(Beginning of SOURCE MATERIAL)
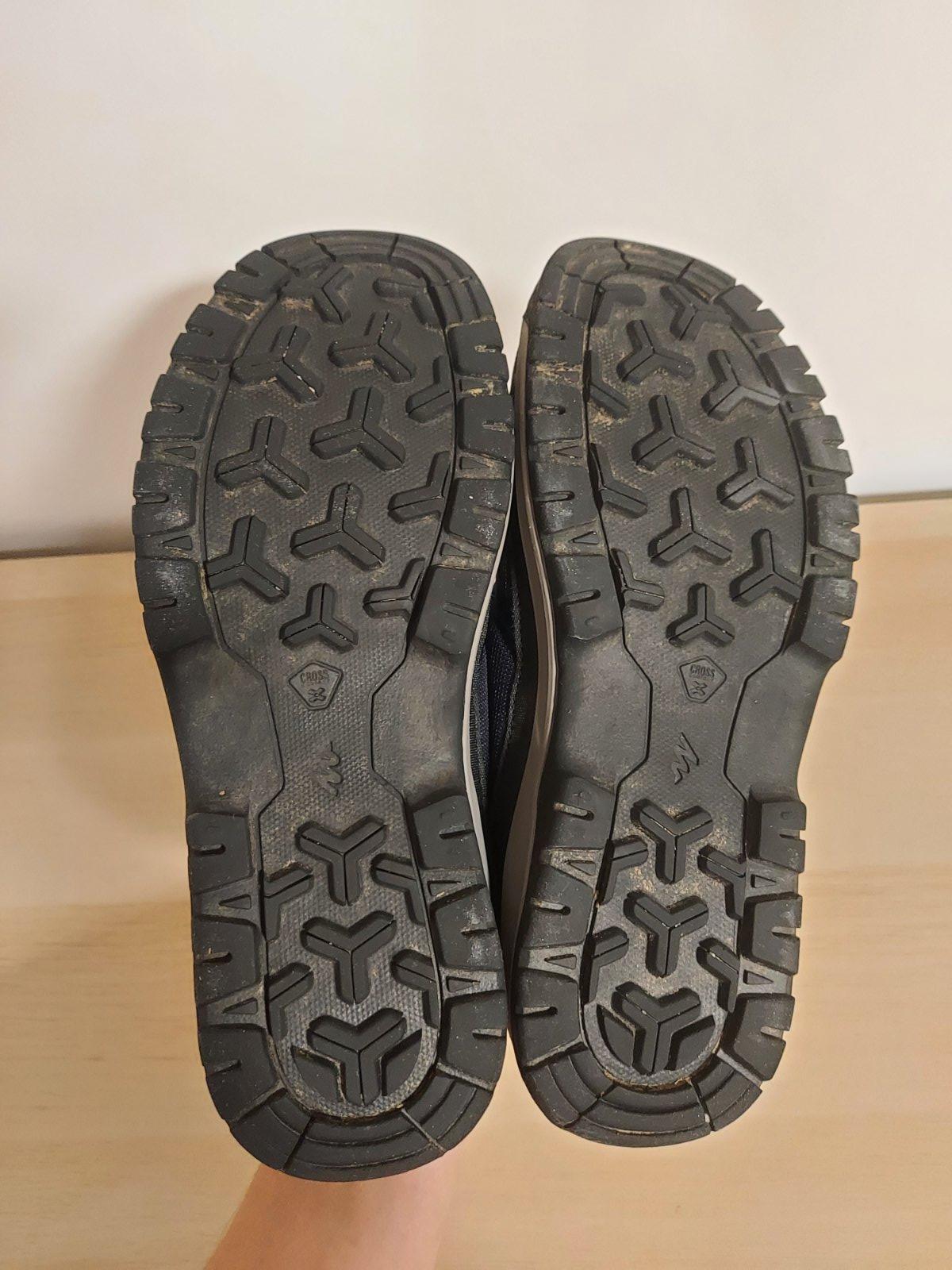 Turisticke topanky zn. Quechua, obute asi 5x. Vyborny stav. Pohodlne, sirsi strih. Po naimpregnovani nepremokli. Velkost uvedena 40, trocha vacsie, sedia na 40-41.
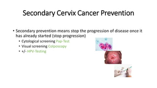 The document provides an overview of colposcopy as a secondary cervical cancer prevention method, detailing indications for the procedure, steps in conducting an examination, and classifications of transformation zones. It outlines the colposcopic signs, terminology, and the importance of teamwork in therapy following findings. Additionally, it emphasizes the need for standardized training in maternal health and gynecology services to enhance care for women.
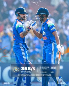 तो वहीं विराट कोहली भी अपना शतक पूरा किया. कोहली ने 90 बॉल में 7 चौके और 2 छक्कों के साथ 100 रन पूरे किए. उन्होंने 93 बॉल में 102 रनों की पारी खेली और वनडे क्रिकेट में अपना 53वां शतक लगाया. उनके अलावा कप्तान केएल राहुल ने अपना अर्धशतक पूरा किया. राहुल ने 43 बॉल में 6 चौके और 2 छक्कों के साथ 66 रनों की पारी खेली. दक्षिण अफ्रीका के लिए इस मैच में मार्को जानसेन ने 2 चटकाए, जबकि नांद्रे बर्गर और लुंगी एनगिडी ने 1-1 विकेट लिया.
(End of SOURCE MATERIAL)
» EXERCISE AIM
Begin the copy at the line containing "The document provides" and end it at the final line of the material above, reproducing each line exactly and omitting pictures.

» SOLUTION
 The document provides an overview of colposcopy as a secondary cervical cancer prevention method, detailing indications for the procedure, steps in conducting an examination, and classifications of transformation zones. It outlines the colposcopic signs, terminology, and the importance of teamwork in therapy following findings. Additionally, it emphasizes the need for standardized training in maternal health and gynecology services to enhance care for women.
 तो वहीं विराट कोहली भी अपना शतक पूरा किया. कोहली ने 90 बॉल में 7 चौके और 2 छक्कों के साथ 100 रन पूरे किए. उन्होंने 93 बॉल में 102 रनों की पारी खेली और वनडे क्रिकेट में अपना 53वां शतक लगाया. उनके अलावा कप्तान केएल राहुल ने अपना अर्धशतक पूरा किया. राहुल ने 43 बॉल में 6 चौके और 2 छक्कों के साथ 66 रनों की पारी खेली. दक्षिण अफ्रीका के लिए इस मैच में मार्को जानसेन ने 2 चटकाए, जबकि नांद्रे बर्गर और लुंगी एनगिडी ने 1-1 विकेट लिया.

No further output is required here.